January 13 2019, 19:06pm

Posted by Pierre Lurçat

Jabotinsky pionnier de l’antiracisme en Amérique, Pierre Lurçat

La dernière manière d'attaquer Israël - plus sournoise que le traditionnel antisionisme - consiste à déplorer que les dirigeants actuels, et en premier lieu Binyamin Nétanyahou - se soient "éloignés du rêve sioniste des Pères fondateurs". Ce discours est notamment celui d'un Jean-Pierre Filiu, auteur d'un livre récent sur Nétanyahou, intitulé Main basse sur Israël. J'ai eu l'occasion de débattre avec lui sur la chaîne i24 et de dénoncer sa vision caricaturale d'Israël. Pour contrer cette description de la droite israélienne, je remets en ligne cet article sur Jabotinsky, qui montre que la réalité est bien différente de la vision qu'en donnent les adeptes du "Netanyahou bashing", qui n'est pas autre chose que le nouveau visage de la vieille détestation d'Israël. P.L.

 


Jabotinsky.jpgA l’occasion d'un débat à la Knesset sur la proposition de loi visant à interdire l’utilisation du mot « nazi » comme insulte, le quotidien Ha’aretz rappelait que David Ben Gourion avait jadis qualifié Jabotinsky de « Vladimir Hitler ». L’animosité que Ben Gourion vouait à son grand rival de la droite sioniste n’a pas peu contribué aux stéréotypes négatifs entourant la figure du fondateur du sionisme révisionniste. Mais ceux qui se penchent sur la vie et l’œuvre du « Roch Bétar » découvrent un homme très éloigné du portrait peu flatteur qu’ont parfois dressé de lui ses adversaires politiques.

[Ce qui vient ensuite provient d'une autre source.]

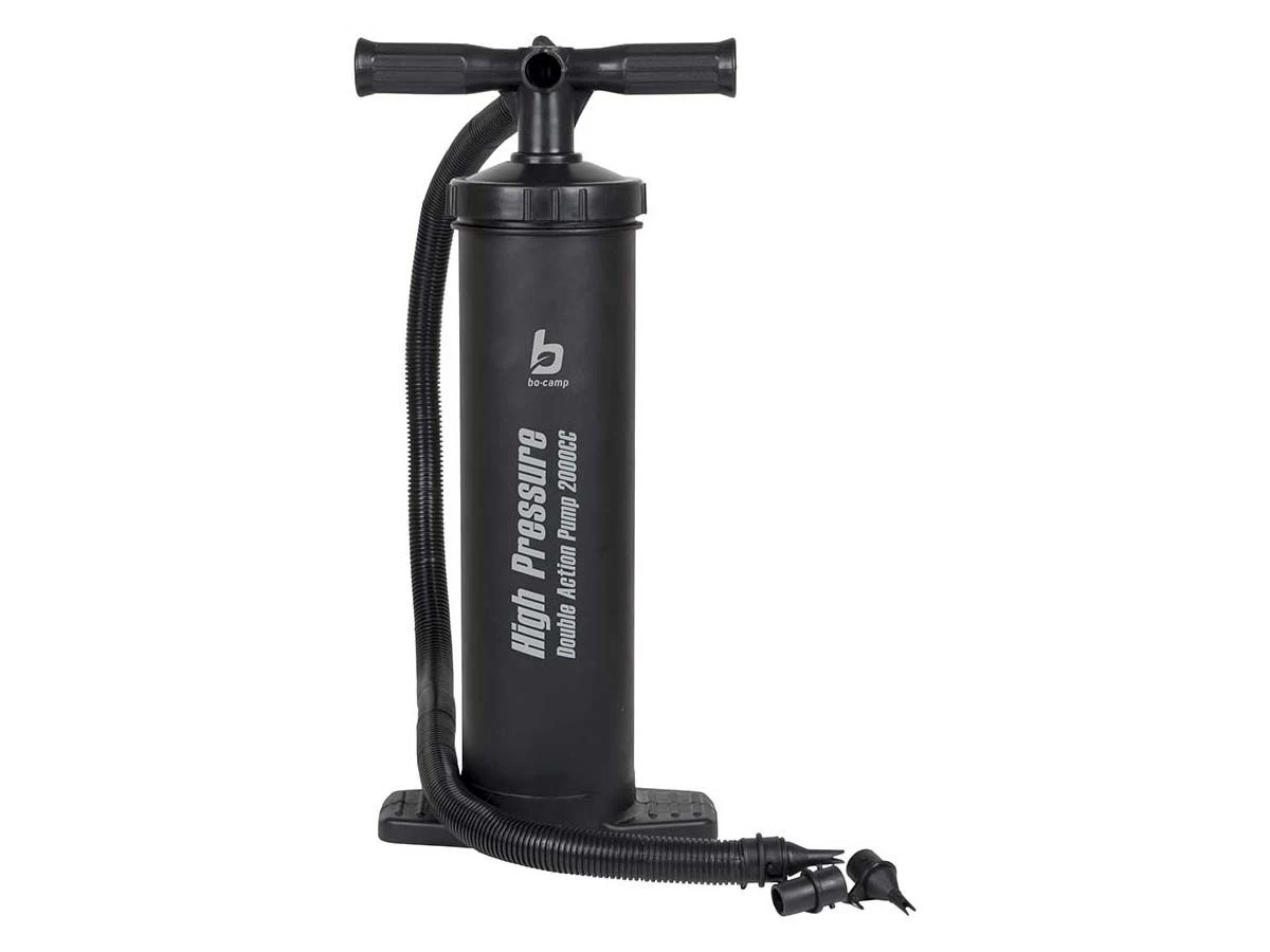 Een dubbelwerkende handpomp. Pompt zowel bij een duwende als een trekkende beweging. Daarnaast biedt deze pomp de mogelijkheid om het gewenste artikel weer vacuüm te trekken. Wordt geleverd inclusief diverse verloopstukken.

Le professeur Rafael Medoff, directeur de l’institut Wyman de recherche sur l’antisémitisme à Washington, a rappelé récemment, fort à propos, que Jabotinsky avait été un des pionniers de la lutte contre le racisme aux Etats-Unis, en 1910, dans son fameux article « Homo homini Lupus » (« L’homme est un loup pour l’homme »).

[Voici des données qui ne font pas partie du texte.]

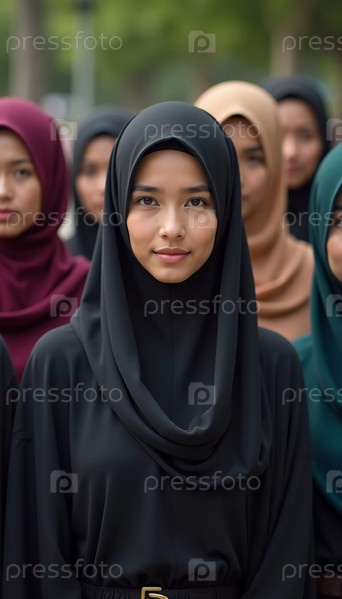 Группа мусульманок в разноцветных хиджабах собралась вместе, демонстрируя свою культурную гордость и индивидуальный стиль. Красивые женщины с азиатскими чертами лица. Уверенный взгляд. Генеративный ИИ

Cet article avait été écrit à la suite d’un combat de boxe, organisé le 4 juillet (Jour de l’Indépendance) à Reno, Nevada, entre Jack Johnson et Jack Jeffries, deux champions poids lourds qui ne s’étaient jamais rencontrés auparavant sur un ring. Le premier était en effet noir et le second blanc. Présenté comme le « Combat du siècle », le matche s’acheva par la victoire de Johnson, qui déclencha une vague d’émeutes raciales dans plus de 50 villes des Etats-Unis, faisant une vingtaine de victimes.

 

Johnson_jeff.jpg

Le combat entre Jack Johnson et Jack Jeffries

 

Jabotinsky décrit, dans son article pour le journal russe Odesskiye Novosti (Les Nouvelles d’Odessa), comment des foules en furie se jetèrent sur les habitants noirs, à cinquante contre un, attaquant même les femmes et les enfants. Aux yeux du jeune journaliste russe (âgé de 30 ans), c’était la preuve que les Etats-Unis, la « République la plus libre au monde », souffraient d’un mal quasiment incurable. « Un Juif russe peut encore se convertir », écrit-il, mais « la race ne peut être effacée ». Il décrivait ensuite le régime de ségrégation encore en vigueur aux Etats-Unis, près de cinquante ans après la fin de la guerre de Sécession et l’abolition officielle de l’esclavage.

maison jabo.jpgPour le Roch Bétar, intellectuel polyglotte né dans la ville cosmopolite d’Odessa 1 et théoricien du sionisme formé à l’école politique italienne du début du 20e siècle ; partisan intransigeant de l’égalité des hommes et des femmes ; auteur du fameux Programme d’Helsingfors 2, qui se disait « fou de l’idée d’égalité », l’inégalité des Noirs aux Etats-Unis était une tache indélébile sur le plastron de la grande démocratie américaine.

(Photo ci-contre : la maison natale de Jabotinsky à Odessa)

« Je déteste à un point extrême, de manière organique, d'une haine qui échappe à toute justification, à la rationalité et à la réalité même, toute idée montrant une différence de valeur entre un homme et son prochain. Cela ne relève peut-être pas de la démocratie mais de son contraire : je crois que tout homme est un roi, et si je le pouvais, je créerais une nouvelle doctrine sociale, la doctrine du "Pan-basilisme"...)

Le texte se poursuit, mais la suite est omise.